Fronteiras do Oeste é um estilo de jogo, não é um sistema de RPG, nem um livro em específico. Portanto, você pode aplicar suas premissas básicas em qualquer cenário e com as regras que você preferir.
Nesse modo de jogo você deixa de se preocupar em preparar um plot principal e missões. Aqui a ação é em torno de um ambiente inóspito que deve ser explorado. Não existem missões a serem dadas aos personagens, que devem ter o interesse, por si só, de seguir para uma aventura. Isso vai ocorrer com apresentação de rumores e situações que acontecem ao redor deles, pontos de luz em um mapa escuro, que atraem os personagens como moscas.
O trabalho do narrador é bolar um cenário repleto de situações, potenciais conflitos e desafios. Os jogadores vão ser aqueles que devem, por conta própria, partir em busca de soluções e glória. Não existe um grande roteiro: o jogo passa a ser sobre exploração, descoberta e suas recompensas.
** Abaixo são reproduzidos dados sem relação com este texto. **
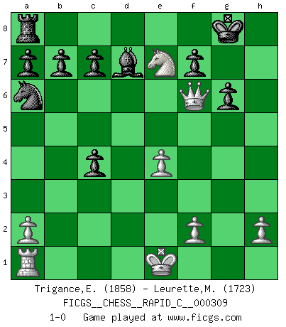 Last move : 1-0 2025 April 15 10:54:42 [Event "FICGS__CHESS__RAPID_C__000309"] [Site "FICGS"] [Date "2025.04.04"] [Round "1"] [White "Trigance,Emile"] [Black "Leurette,Marc-Antoine"] [Result "1-0"] [WhiteElo "1858"] [BlackElo "1723"] 1.e4 e5 2.d4 exd4 3.c3 dxc3 4.Bc4 cxb2 5.Bxb2 Bc5 6.Bxg7 Qg5 7.Bxh8 Qxg2 8.Qf3 Qg6 9.Ne2 d5 10.Rg1 dxc4 11.Rxg6 hxg6 12.Nbc3 Be6 13.Nf4 Bd7 14.Nfd5 Na6 15.Nf6+ Nxf6 16.Bxf6 Be7 17.Bxe7 Kxe7 18.Nd5+ Kf8 19.Qf6 Kg8 20.Ne7+ 1-0 Follow this game move after move (download)What is the object of playing a gambit opening?... To acquire a reputation of being a dashing player at the cost of losing a game. (Siegbert Tarrasch) Stil? Ich habe keinen Stil! (Anatoly Karpov) En la vida, como en el Ajedrez, los Peones propios obstruyen nuestro camino. La gran fortuna de un hombre, su comodidad, placer, hijos, libros, que deberían ayudarle a ganar, con mucha frecuencia lo ponen en Jaque Mate. (Charles Buxton) Tout change constamment, y compris dans le monde des Echecs. (Botvinnik) Over-the-board chess is the favorite of mortals, correspondence chess is the favorite of the gods. (Eduard Dyckhoff)

Esse estilo surgiu a partir de uma mesa de Dungeons & Dragons às bordas ocidentais da civilização (por isso Fronteiras do Oeste). Os personagens eram aventureiros que buscavam tesouros e honrarias, e para isso iam além do mundo civilizado – rumo ao oeste – onde enfrentavam feras, exploravam ruínas, descobriam assentamentos e, eventualmente, montavam postos avançados, como bases para cada vez mais adentrar no desconhecido.
O jogo assumia um estilo mortal, muitos personagens pereciam nesses conflitos, e por isso havia grande ciclo de jogadores. Com isso o grupo acabava sendo composto por muitas pessoas, que iam e viam, davam um tempo do jogo e depois retornavam, gerando um grupo de jogo gigantesco.
Eram os próprios jogadores quem determinavam para onde o jogo ia. Quem pudesse jogar na quinta-feira, quando explorariam o Templo do Gorila Dourado, pegaria seu personagem e estaria na mesa jogando a aventura que, terminada, retornaria os personagens para a base. Em outra situação, outros jogadores determinavam que na sexta-feira, pois não podiam jogar na quinta, explorariam as Cavernas de Cristal, que ficavam abaixo das ruínas que encontraram na última sessão.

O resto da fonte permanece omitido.